Whopper of the Week: “Kickback” is Far From Accurate

This week’s whopper appears in a San Jose Inside column by Josh Koehn which discusses the recommendation by county staff that Measure A funds be allocated to the Healthier Kids Foundation,  headed by Kathleen King. Noting that King played a significant role in the campaign to pass Measure A, Koehn asks – coincidence or kickback?

A kickback? Webster defines a kickback as “a secret payment to a person who is in a position to influence a source of income.” But King’s role in the Measure A campaign was totally public. Also completely public was the fact that her foundation applied for Measure A funds, the content of her proposal, the identity of competing proposals, and the staff recommendations that ranked the applications. And who had the capacity to make this allegedly secret but completely in the public deal?

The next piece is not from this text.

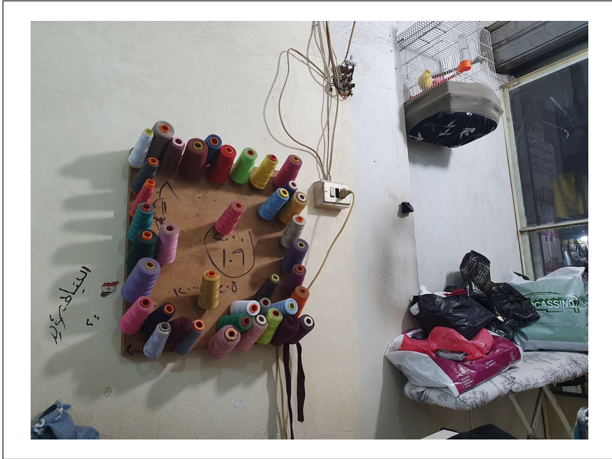
Picture 3. Shatila, 2019. A canary in the store of a Syrian tailor.

Between King’s support of Measure A and the county staff recommendation the voters had to approve Measure A, the state legislature had to leave the county with enough revenue to spend the Measure A funds on new programs, the initial Measure A allocations had to leave enough money unspent to warrant a request for proposals, and dozens of other groups had to generate competing ideas for funding. To allege that all of this was orchestrated in some gargantuan scheme qualifies as a whopper par excellence.

I might add that most of the non-profits in the County strongly supported Measure A precisely because it might generate more resources for the health and human services programs to which they are dedicated. Many urged voter approval for this very reason. Obviously, once the measure was adopted, these organizations sought funds for their priority programs.   For people to support higher taxes for the services they care about is not unethical; it is sanity.

Koehn’s column is also inaccurate in its understanding of the challenges to the Healthy Kids program, but not at the level of a whopper. The program was “wildly successful” as Koehn states, but not as he implies because of the security of its funding. Its success was in the improvements in the lives of Santa Clara County children. But its fiscal stability was jeopardized because of the loss of millions of dollars from statewide foundations that moved on to other priorities and the City of San Jose’s decision to leave Healthy Kids out of the base budget, requiring an uncertain budget augmentation every year.

What eventually solved the problem of fiscal security for this “wildly successful” program was the dedicated and determined efforts of leaders from the Santa Clara Family Health Plan, the South Bay Labor Council, the Healthier Kids Foundation, the VMC Foundation, PACT,  Working Partnerships USA, and others. They struggled for years as a team with the overriding goal of assuring first rate health care for every child in our county. And they prevailed, a fact about which they justifiably take great pride.

Their arduous effort and the satisfaction their success engendered in those who fought the good fight may possibly be something that METRO has difficulty understanding. After all, there are words to describe the self-image of organizations involved with websites in which young women in various stages of undress offer to sell “services” to the public. But I don’t think pride is one of them.

Bob Brownstein is Director of Policy and Research for Working Partnerships USA.